The government has recognised this, and is itself in a delicate position, caught between the conflicting desires to ensure a fair price for public lands and the need to attract further investment to the industry. As such, it has tried to expedite the process of settling land disputes.

In the first quarter of 2014, at the annual Cityscape real estate forum, the then-housing minister, Ibrahim Mehleb, announced to the press that, ‘“the state of confusion regarding real estate investments has ended despite all the obstacles and concerns surrounding the current policies, which look to strike a balance between investors’ rights and those of the state”.

With several cases still outstanding in the dispute settlement committee this may be an optimistic take on the current situation. Yet the government is certainly looking to put this period of uncertainty behind it and is also looking at introducing a number of measures to ensure that the potential for future opacity and misuse of public lands is minimised. At the same forum in 2014, for example, Mehleb announced that public land would now only be available through public auctions rather than direct contracts.


However, one of the most important measures to improve the environment for land investment is the government drive for co-development of land. In the first quarter of 2015 the government announced plans to offer state land to private developers on a revenue-sharing basis. These plans are being rolled out.

The new model will allow the government to generate revenue from public lands in a transparent manner, while easing the difficulties with land acquisition and the constraints on supply for private developers. As well as helping to moderate land price inflation, the new system will allow the government to offer land to private developers in exchange for a certain quota of affordable units in any subsequent development.
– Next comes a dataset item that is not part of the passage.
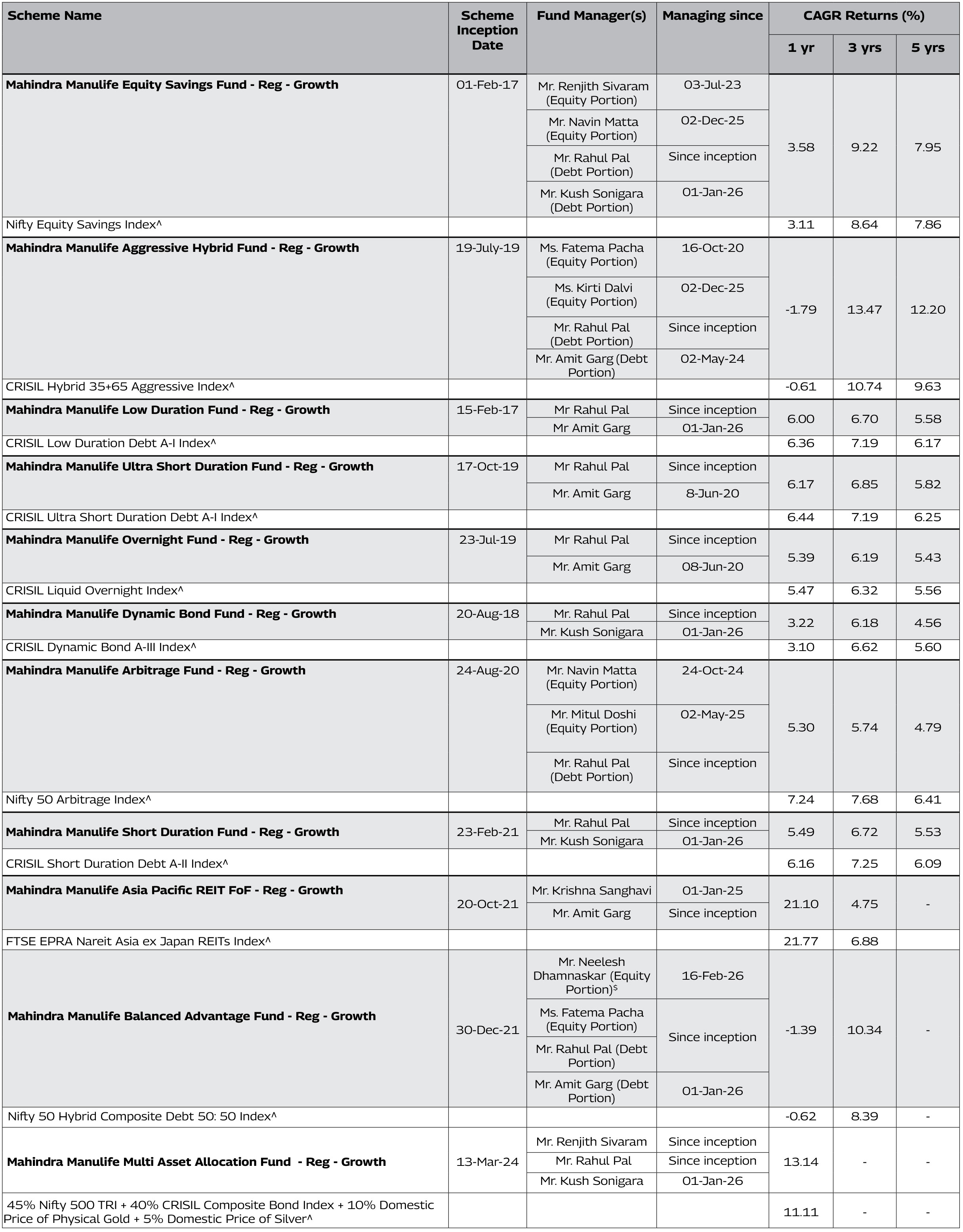 Note: As March 31, 2026 was a non-business days, the schemes returns disclosed are as on March 31, 2026, except for Mahindra Manulife Liquid Fund and Mahindra Manulife Overnight Fund which

The government has already effectively used the new structure to settle ongoing settlement disputes with developers. In March 2015, for example, the real estate firm Talaat Moustafa Group signed a final agreement with the New Urban Communities Authority (NUCA) offering 3.2m sq metres of finished units in its flagship Madinaty project in Cairo to conclude a contract made with NUCA in 2010. This was accompanied by a $380m payment to be fulfilled over 10 years as part of the settlement for deals with the previous administration.

The government strategy has been well received by private developers. Dasha Badrawi, the then-managing director of SODIC, told press in March 2015, ‘“This is very positive for the industry. Essentially, [the government] is becoming partners with a share of the top line.”’ As of August 2015 the government had signed LE35.8bn ($4.9bn) worth of revenue-sharing deals with a combined area of 6.4m sq metres, according to HC Securities and Investment. This number is only likely to increase in the future, given the moderate land banks of leading developers and the desire to maximise units in the suburbs of Cairo.


The other major government intervention in the sector in the last 18 months was an amendment to the building tax law. First introduced in 2008, the law was reinforced by President Abdel Fattah El Sisi in August 2014. It is hoped that the new regulation will improve collection and revenues, as well as encourage construction completion and the sale or rental of units.

Under the new law, all buildings, both completed and under construction, will be liable for taxation, meaning that the swift development and sale or rental of property is preferable. Given the issue of vacant units in the country at a time when there is high demand for housing, this legislation could be a useful tool for improving the supply situation in the mid- to low-income segment of the market.